Objectives: To assess persistence by line of therapy in Swedish IA patients cycling on SC-TNFis.
Methods: Using data from the Swedish Health Data Registers, adult IA patients initiating treatment with any available SC-TNFi (adalimumab, etanercept, certolizumab, or golimumab) between May 1 st 2010 and October 31 st 2016 were eligible for inclusion. Treatment persistence was derived using information from filled prescriptions (e.g. dispensing date, pack information, and defined daily dose) with a 60-day grace period. Analyses were restricted the first two lines of treatments (i.e. 1 st and 2 nd ) in patients defined as SC-TNFi cyclers. Persistence estimates across treatment lines were assessed graphically using Kaplan-Meier curves. Unadjusted and adjusted marginal Cox proportional hazards models were fitted to estimate the relative risk of discontinuation across treatment lines, using robust sandwich covariance matrix estimates to account for intrapatient dependence (i.e. multiple treatment lines per patient). Covariates in the adjusted analysis included age, gender, diagnosis, year of treatment initiation, comorbidities, co-medication, and the number of specialized outpatient care visits and inpatient stays.
Results: Of 11,668 patients initiating SC-TNFi treatment, 3,181 patients were identified as cyclers. Among these, a majority were female (68%) with a mean age of 50 years; 46%, 28%, and 26% were diagnosed with RA, AS and PsA, respectively.

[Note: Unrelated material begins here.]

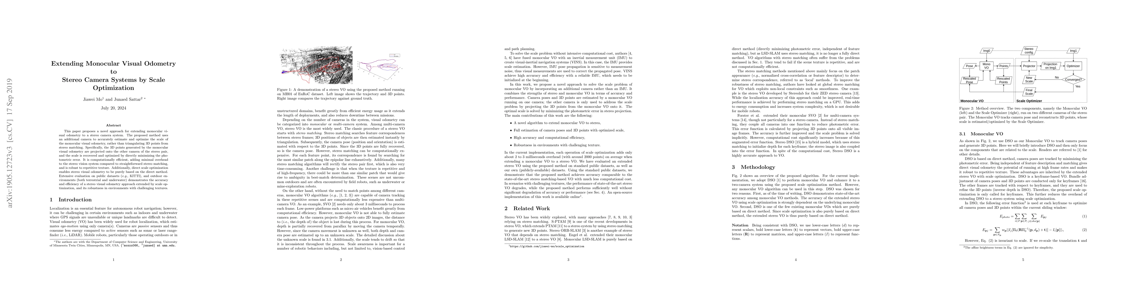 This paper introduces a method to extend monocular visual odometry to stereo systems by optimizing scale through photometric error minimization, rather than stereo triangulation. It demonstrates accuracy and efficiency on public datasets and diverse environments, showing robustness to repetitive textures.

Relative risk of discontinuing subcutaneous Tumor Necrosis Factor-α inhibitor treatment for IA in 2nd line treatment compared to 1st line treatment, by analysis population
Analysis population | N | Unadjusted analysis, HR [95%CI] | Adjusted analysis, HR [95%CI] |
---|---|---|---|
Cyclers overall | 3,181 | 0.60 [0.57, 0.63] | 0.59 [0.56, 0.62] |
RA | 1,479 | 0.62 [0.57, 0.67] | 0.61 [0.56, 0.66] |
PsA | 891 | 0.60 [0.54, 0.67] | 0.59 [0.53, 0.65] |
AS | 811 | 0.58 [0.52, 0.64] | 0.55 [0.50, 0.61] |
HR: Hazard Ratio, 95%CI: 95% confidence interval
Persistence, among cyclers, with subcutaneous Tumor Necrosis Factor-α inhibitors treatment for IA by line of treatment
Conclusion: In this preliminary analysis of IA patients cycling on SC-TNFis, persistence was greater in 2 nd line compared to 1 st line treatment. The finding was consistent across all IA indications. Hence, IA patients who fail to respond, lose response, or for other reasons discontinue their 1 st line treatment may still benefit from switching to an alternative SC-TNFi as a 2 nd line therapy.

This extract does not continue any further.